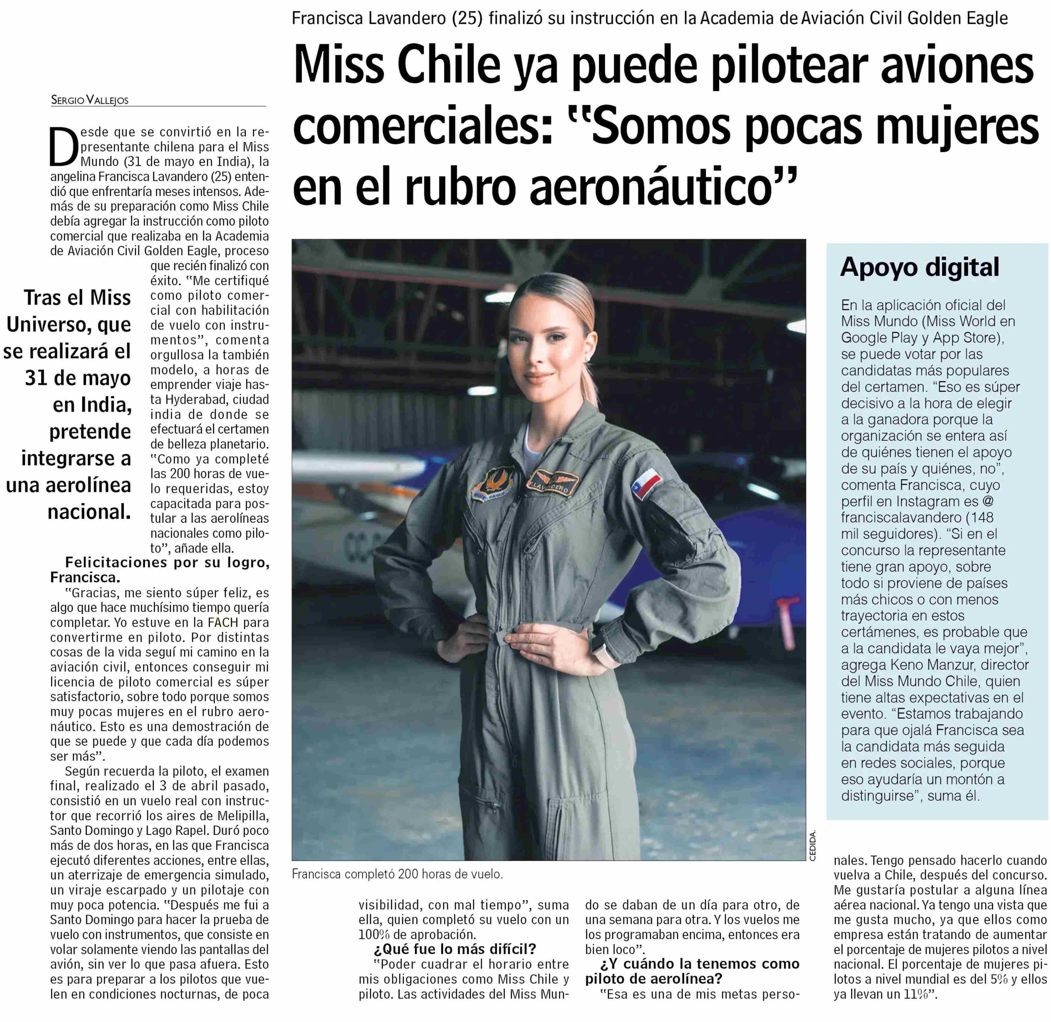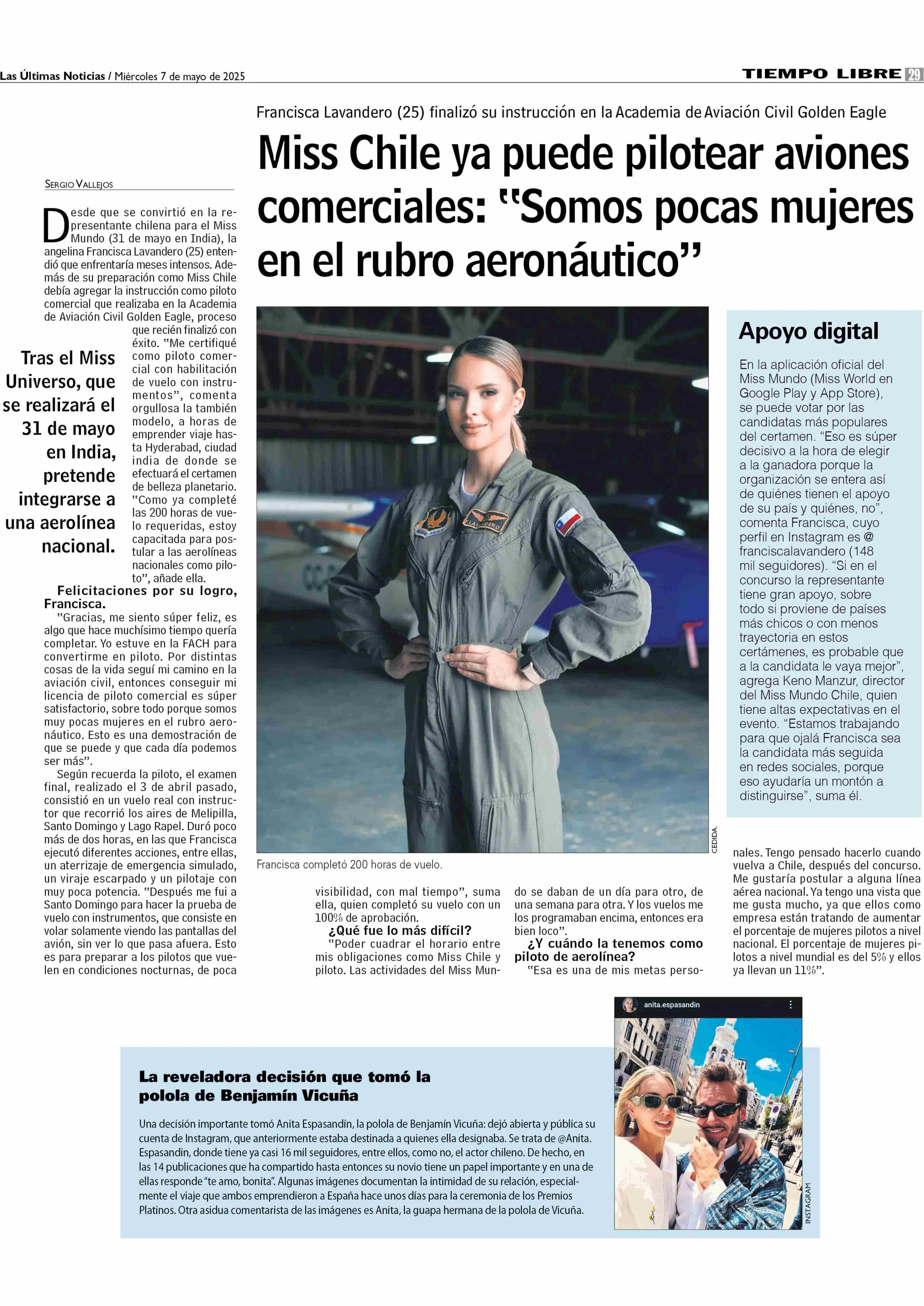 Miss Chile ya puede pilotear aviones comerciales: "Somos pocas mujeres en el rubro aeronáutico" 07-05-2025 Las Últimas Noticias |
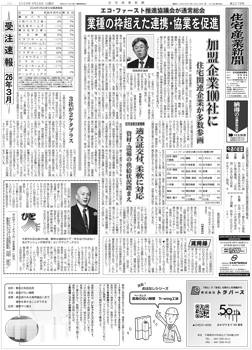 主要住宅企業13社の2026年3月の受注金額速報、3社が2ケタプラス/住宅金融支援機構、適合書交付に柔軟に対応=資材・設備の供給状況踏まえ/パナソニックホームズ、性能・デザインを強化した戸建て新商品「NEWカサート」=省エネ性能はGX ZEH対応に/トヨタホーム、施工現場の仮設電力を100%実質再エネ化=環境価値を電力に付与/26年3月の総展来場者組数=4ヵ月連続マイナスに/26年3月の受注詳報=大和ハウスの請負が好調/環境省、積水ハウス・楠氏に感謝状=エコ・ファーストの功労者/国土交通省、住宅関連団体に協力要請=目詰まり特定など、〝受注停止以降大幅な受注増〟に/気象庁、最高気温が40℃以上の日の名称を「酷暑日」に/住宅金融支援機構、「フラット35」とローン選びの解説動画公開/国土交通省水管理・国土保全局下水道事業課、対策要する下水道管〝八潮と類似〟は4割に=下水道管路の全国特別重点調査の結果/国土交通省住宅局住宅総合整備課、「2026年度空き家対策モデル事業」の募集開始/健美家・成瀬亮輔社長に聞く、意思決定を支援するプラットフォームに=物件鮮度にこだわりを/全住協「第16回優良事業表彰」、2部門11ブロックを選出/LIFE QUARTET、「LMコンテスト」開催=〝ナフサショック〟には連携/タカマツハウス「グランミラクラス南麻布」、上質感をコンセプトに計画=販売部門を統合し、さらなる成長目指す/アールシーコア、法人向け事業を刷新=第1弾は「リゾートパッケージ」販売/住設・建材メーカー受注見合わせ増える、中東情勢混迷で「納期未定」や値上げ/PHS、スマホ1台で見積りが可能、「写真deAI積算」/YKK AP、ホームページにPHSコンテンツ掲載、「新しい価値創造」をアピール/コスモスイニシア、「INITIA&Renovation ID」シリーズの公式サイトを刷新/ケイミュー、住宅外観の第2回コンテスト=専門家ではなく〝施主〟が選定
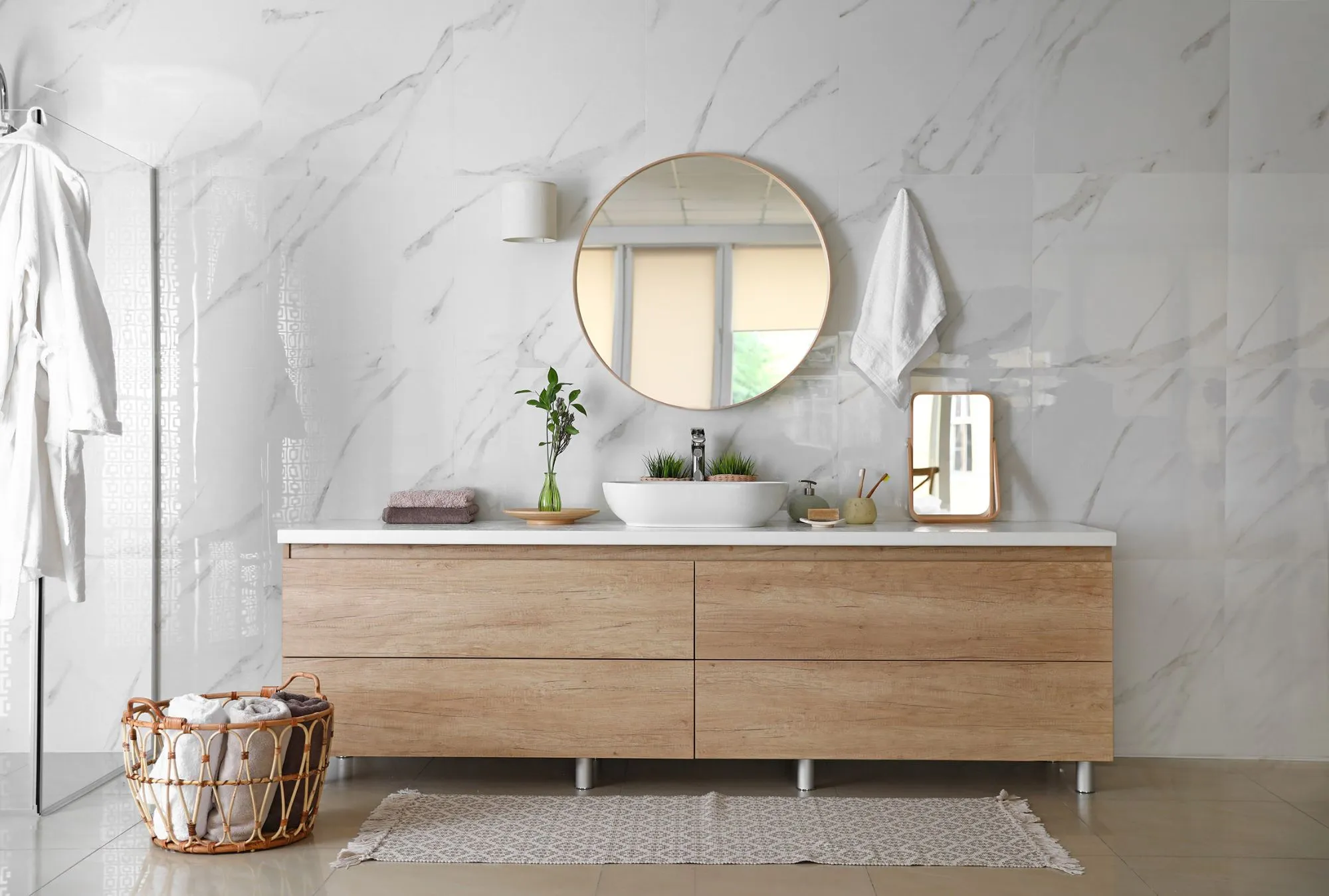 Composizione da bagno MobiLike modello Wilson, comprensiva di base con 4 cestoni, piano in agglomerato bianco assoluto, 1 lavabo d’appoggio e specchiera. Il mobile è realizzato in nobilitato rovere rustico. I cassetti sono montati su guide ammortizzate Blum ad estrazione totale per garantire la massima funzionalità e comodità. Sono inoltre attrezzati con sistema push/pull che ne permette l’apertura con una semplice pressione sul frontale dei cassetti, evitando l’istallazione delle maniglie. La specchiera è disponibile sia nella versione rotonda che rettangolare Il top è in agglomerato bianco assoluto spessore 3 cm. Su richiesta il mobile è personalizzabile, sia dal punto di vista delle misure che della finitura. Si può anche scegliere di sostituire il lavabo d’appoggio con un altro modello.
++++
→ **Description of the task**
Only the text of the listing above should be copied, exactly and with pictures left out.

→ **Task answer**
 Miss Chile ya puede pilotear aviones comerciales: "Somos pocas mujeres en el rubro aeronáutico" 07-05-2025 Las Últimas Noticias |
 主要住宅企業13社の2026年3月の受注金額速報、3社が2ケタプラス/住宅金融支援機構、適合書交付に柔軟に対応=資材・設備の供給状況踏まえ/パナソニックホームズ、性能・デザインを強化した戸建て新商品「NEWカサート」=省エネ性能はGX ZEH対応に/トヨタホーム、施工現場の仮設電力を100%実質再エネ化=環境価値を電力に付与/26年3月の総展来場者組数=4ヵ月連続マイナスに/26年3月の受注詳報=大和ハウスの請負が好調/環境省、積水ハウス・楠氏に感謝状=エコ・ファーストの功労者/国土交通省、住宅関連団体に協力要請=目詰まり特定など、〝受注停止以降大幅な受注増〟に/気象庁、最高気温が40℃以上の日の名称を「酷暑日」に/住宅金融支援機構、「フラット35」とローン選びの解説動画公開/国土交通省水管理・国土保全局下水道事業課、対策要する下水道管〝八潮と類似〟は4割に=下水道管路の全国特別重点調査の結果/国土交通省住宅局住宅総合整備課、「2026年度空き家対策モデル事業」の募集開始/健美家・成瀬亮輔社長に聞く、意思決定を支援するプラットフォームに=物件鮮度にこだわりを/全住協「第16回優良事業表彰」、2部門11ブロックを選出/LIFE QUARTET、「LMコンテスト」開催=〝ナフサショック〟には連携/タカマツハウス「グランミラクラス南麻布」、上質感をコンセプトに計画=販売部門を統合し、さらなる成長目指す/アールシーコア、法人向け事業を刷新=第1弾は「リゾートパッケージ」販売/住設・建材メーカー受注見合わせ増える、中東情勢混迷で「納期未定」や値上げ/PHS、スマホ1台で見積りが可能、「写真deAI積算」/YKK AP、ホームページにPHSコンテンツ掲載、「新しい価値創造」をアピール/コスモスイニシア、「INITIA&Renovation ID」シリーズの公式サイトを刷新/ケイミュー、住宅外観の第2回コンテスト=専門家ではなく〝施主〟が選定
 Composizione da bagno MobiLike modello Wilson, comprensiva di base con 4 cestoni, piano in agglomerato bianco assoluto, 1 lavabo d’appoggio e specchiera. Il mobile è realizzato in nobilitato rovere rustico. I cassetti sono montati su guide ammortizzate Blum ad estrazione totale per garantire la massima funzionalità e comodità. Sono inoltre attrezzati con sistema push/pull che ne permette l’apertura con una semplice pressione sul frontale dei cassetti, evitando l’istallazione delle maniglie. La specchiera è disponibile sia nella versione rotonda che rettangolare Il top è in agglomerato bianco assoluto spessore 3 cm. Su richiesta il mobile è personalizzabile, sia dal punto di vista delle misure che della finitura. Si può anche scegliere di sostituire il lavabo d’appoggio con un altro modello.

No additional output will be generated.